What you are asked to do: Apart from the pictures, everything in the lines below must be printed exactly.

Data excerpt:
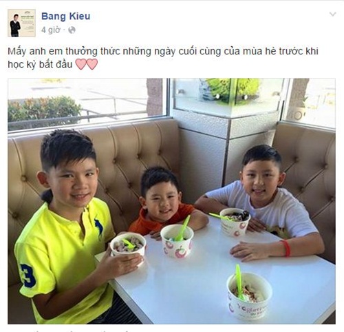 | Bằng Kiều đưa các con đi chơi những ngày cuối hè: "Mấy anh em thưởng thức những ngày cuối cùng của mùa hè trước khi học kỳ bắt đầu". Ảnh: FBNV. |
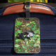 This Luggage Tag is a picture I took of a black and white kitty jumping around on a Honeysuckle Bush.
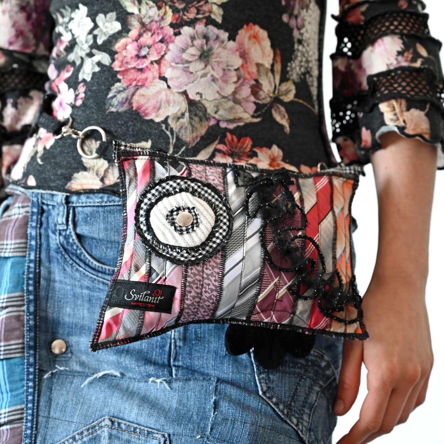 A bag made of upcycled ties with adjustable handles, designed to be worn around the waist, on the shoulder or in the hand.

Task response:
 | Bằng Kiều đưa các con đi chơi những ngày cuối hè: "Mấy anh em thưởng thức những ngày cuối cùng của mùa hè trước khi học kỳ bắt đầu". Ảnh: FBNV. |
 This Luggage Tag is a picture I took of a black and white kitty jumping around on a Honeysuckle Bush.
 A bag made of upcycled ties with adjustable handles, designed to be worn around the waist, on the shoulder or in the hand.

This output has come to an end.